Commit history is persisted to survive daemon restarts:

| File | Location | Purpose |
|------|----------|---------|
| History | `~/.cache/commits/history.json` | Last 100 commits (hash, repo, timestamp) |
| Activity | `~/.cache/commits/activity.jsonl` | Detailed activity log |
| Database | `~/.cache/commits/auto_commit.db` | SQLite for structured queries |

**Important**: History is only persisted when a cycle completes.

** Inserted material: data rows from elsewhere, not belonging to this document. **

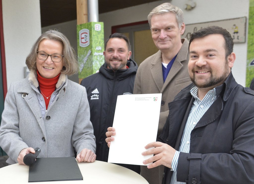 „Ich freue mich über diesen Termin und bin froh, den Förderbescheid heute entgegennehmen zu können“, dankte Bürgermeister Dimitrios Axourgos der Ministerin. Der Verein sei der größte in Schwerte und habe schon vieles in Eigenleistung realisiert. „Mittlerweile ist die Eintracht aber an Kapazitätsgrenzen gestoßen, was den Umbau notwendig werden lässt“, so der Bürgermeister.
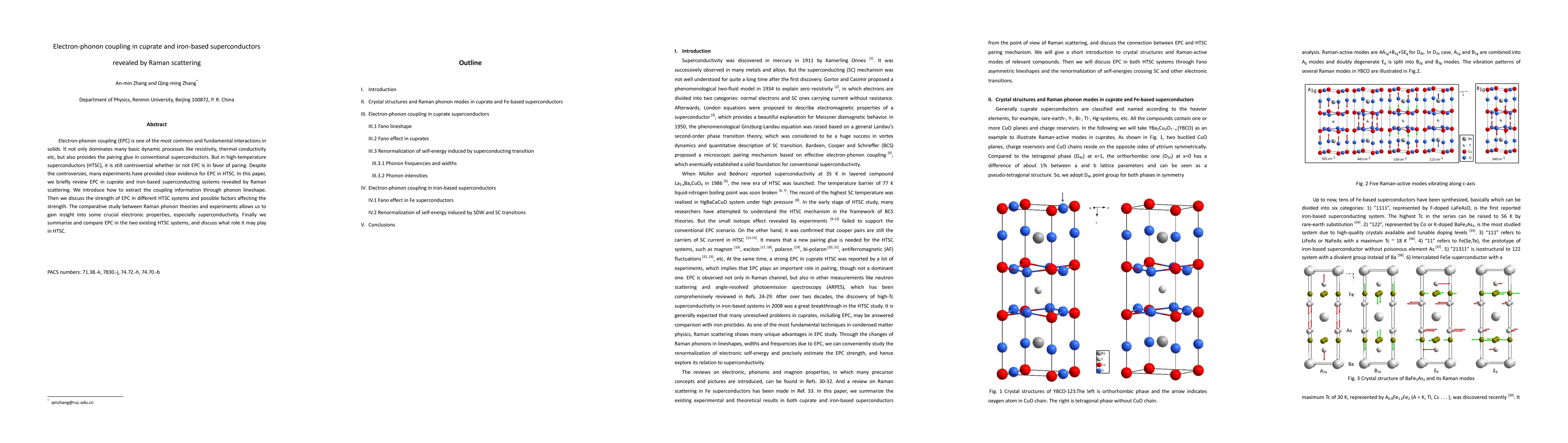 This paper reviews electron-phonon coupling (EPC) in cuprate and iron-based high-temperature superconductors using Raman scattering, discussing its role in superconductivity and comparing the coupling strength across different systems. The study highlights the importance of EPC in understanding the fundamental properties of these superconductors.
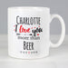 The front of this mug can be personalised with a name up to 12 characters The words 'I love you more than Beer’ is fixed.
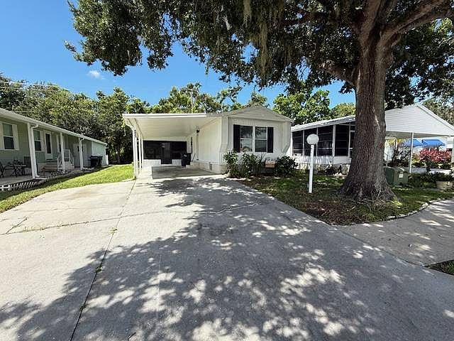 At Ridgewood Estates you can enjoy the spacious clubhouse or the well-designed banquet room. Relax with a nice game of billiards. Read a book chosen by you from the on-site library as you hang out by the community swimming pool or in the whirlpool-spa-hot tub. This gated community also offers you more strenuous pursuits such as shuffleboard, horseshoes, or a workout in the well-equipped fitness center, if that is your preference. On-site laundry facilities and waterfront sites are also available to add to your ease of living, and on-site management adds to your peace of mind. With an easy-going and friendly atmosphere, the lush tropical setting of the Sarasota/Bradenton metro area, and a plethora of amenities, Ridgewood strives to make your life comfortable and convenient. This 1988 home features 2 bedrooms and 2 bathrooms and sits on a PERIMETER LOT. There is laminate flooring throughout, stainless steel appliances, and a private porch on the back of the home, along with a private backyard. There are nice blinds on all the windows. The living room features laminate flooring, neutral walls, and natural light, and is open to the kitchen. The updated kitchen features nice white cabinets and light counters, a farmstyle sink, tile backsplash, stainless steel appliances, and a center island with extra storage. The eat-in kitchen has a nice window above and is open to the living room and kitchen. The master bedroom features neutral walls and laminate flooring, and is a nice size. The attached master bath features a corner step-in shower, and new vanity with ample storage. The second bedroom features laminate flooring, neutral walls, and a nice-sized double closet. The guest bath features a step-in shower with updated shower surround and glass doors, updated vanity, and a high toilet. The Florida room is a great outdoor space at the back of the carport. At the back of the home there is a covered porch that opens to the private backyard. There is indoor laundry in the home with a washer and dryer. All Florida Mobile Home Sales Inc. cannot guarantee or warrant the accuracy of this information or condition of this property. The buyer assumes full responsibility for obtaining all current rates of lot rent, fees, and pass-on costs. Additionally, the buyer is responsible for obtaining all rules, regulations, pet policies, etc., associated with the community, park, or home from the community/park manager. All Florida Mobile Home Sales Inc. is not responsible for quoting of said fees or policies. LOT RENT: $1252 includes lawn and trash.
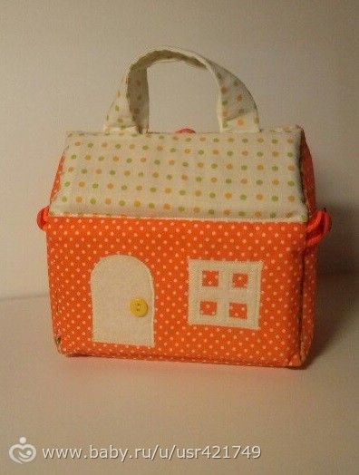 Сотворила вот такой домик-сумочку для девочки) Очень интересный и удобный вариант для игр в любом месте. Очень симпатичные пуговки — божьи коровки. Что вы об этом думаете?
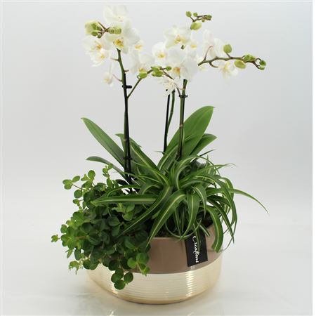 Plant Mix Phal In Ceramic Bowl Gold
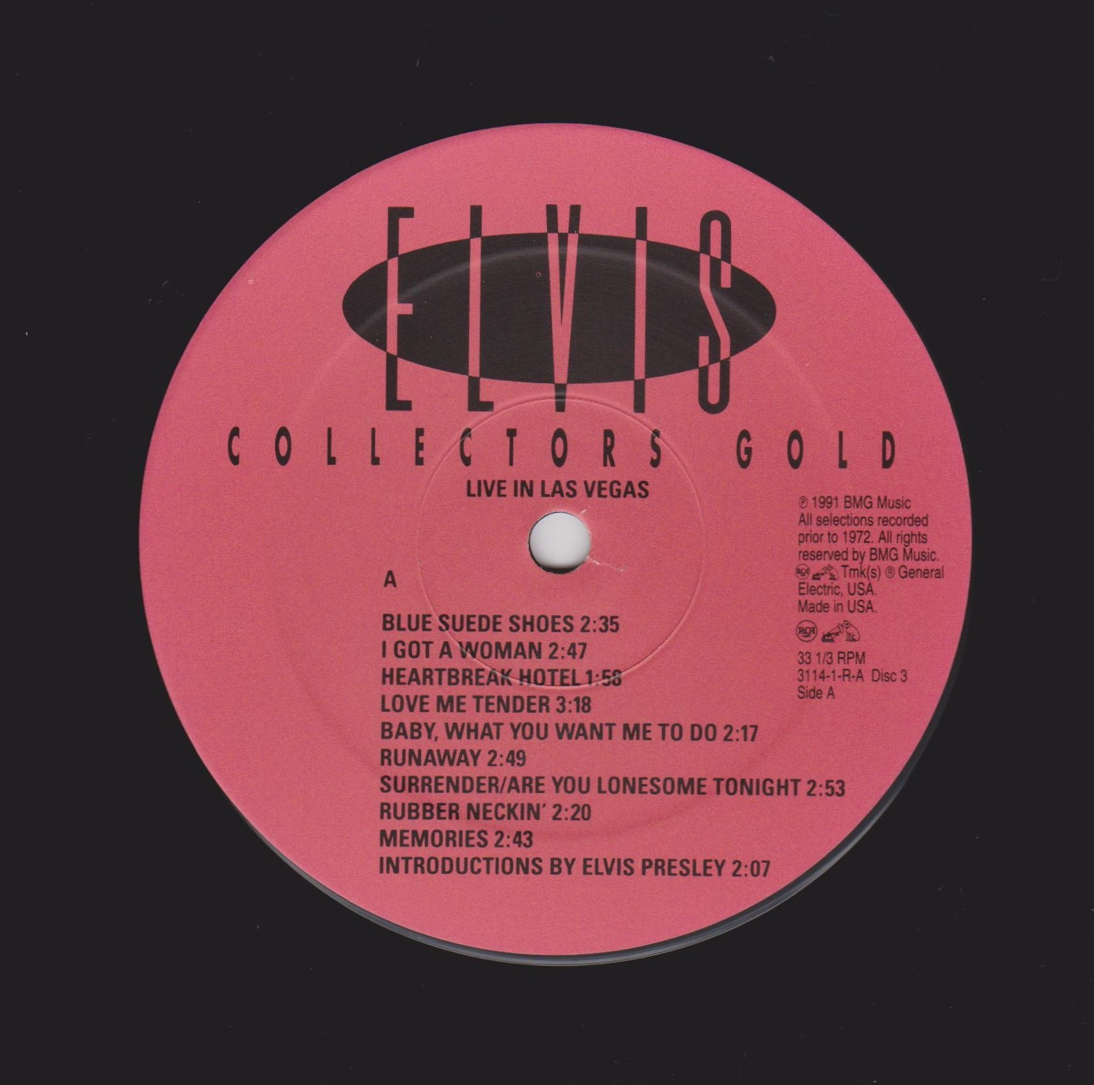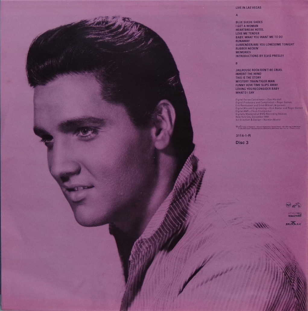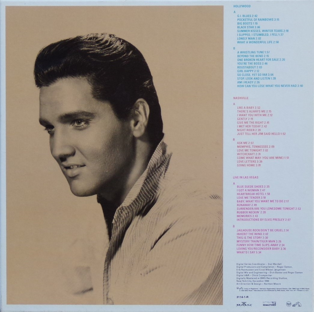 GOLD (US) RCA 3114-1-R (LP) (US) RCA 3114-2-R (CD) Released: August 1991 Record One Side A Hollywood : Record One Side B Hollywood : Record Two Side A Nashville : Record Two Side B Nashville : Record Three Side A Live In Las Vegas : Record Three Side B Live In Las Vegas : Brief History : A 3 LP box set RCA BMG that is very rare. There was a limited national edition of 10,000 printed. RCA then decided not to go along with the campaign. Most were destroyed. but some got out by workers and RCA executives. It contains 'Hollywood', 'Nashville' and 'Live In Las Vegas' albums, housed in 12" x 12" picture box complete with an 8-page booklet. I have number 0005146. |
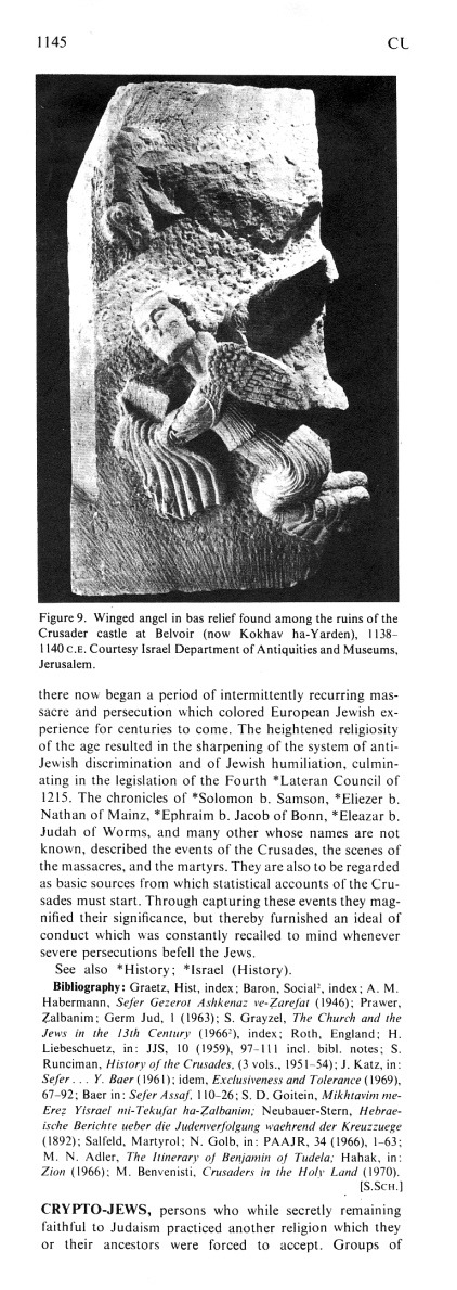Encyclopaedia Judaica: Crusades, vol. 5, col. 1145: Winged angel in bas relief found among the ruins of the Crusader castle at Belvoir (now Kokhav ha-Yarden), 1138-1140 C.E. Courtesy Israel Department of Antiquities and Museums, Jerusalem
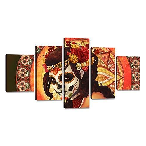 Suger Skull Girl Dead面キャンバスの絵画5パネル 60''Wx32''H
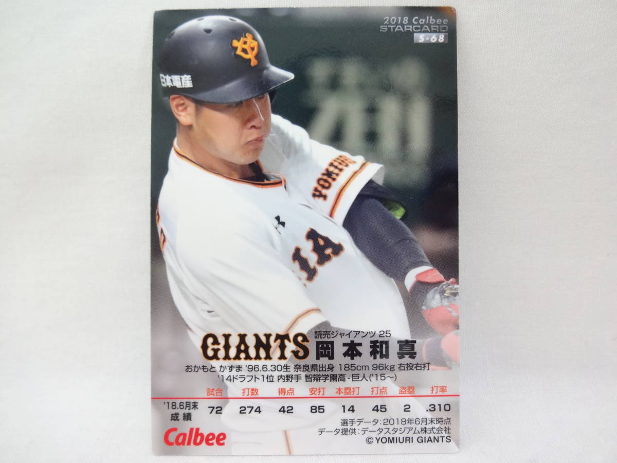カルビー 2018 STAR CARD ゴールドサインパラレル S-68 読売ジャイアンツ 25 岡本 和真です。
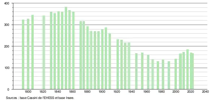 L'évolution du nombre d'habitants est connue à travers les recensements de la population effectués dans la commune depuis 1793. Pour les communes de moins de 10 000 habitants, une enquête de recensement portant sur toute la population est réalisée tous les cinq ans, les populations de référence des années intermédiaires étant quant à elles estimées par interpolation ou extrapolation[14]. Pour la commune, le premier recensement exhaustif entrant dans le cadre du nouveau dispositif a été réalisé en 2005[15].

If the daemon is interrupted mid-cycle (stuck hook, crash, etc.), commits made during that cycle won't appear in history.

## API Endpoints

| Endpoint | Method | Purpose |
|----------|--------|---------|
| `/health` | GET | Service health check |
| `/status` | GET | Current daemon status, last cycle results |
| `/repos` | GET | List all monitored repositories |
| `/trigger` | POST | Manually trigger a commit cycle |
| `/enable` | POST | Enable the daemon |
| `/disable` | POST | Disable the daemon |
| `/report/commits` | GET | View commit history |
| `/report/summary` | GET | Comprehensive daemon report |

## Configuration

Key settings in `AutoCommitSettings`:

| Setting | Default | Description |
|---------|---------|-------------|
| `cycle_interval_seconds` | 60 | Time between commit cycles |
| `llama_model_id` | qwen2.5-1.5b-instruct | Model for commit messages |
| `recursive_depth` | 4 | Max depth for repo discovery |
| `git_remote` | origin | Remote to push to |
| `git_branch` | master | Branch to push |

## Related Scripts

Existing scripts in `@packages/scripts/` provide similar functionality:

| Script | Purpose |
|--------|---------|
| `git/git-repo-status.sh` | Check status across all repos |
| `git/commit-all-dirty.sh` | Simple bulk commit (no LLM) |
| `git/git-push-all.sh` | Push all repos |

The auto-commit service is the "AI-powered" version that generates better commit messages via LLM, while the scripts provide simpler manual alternatives.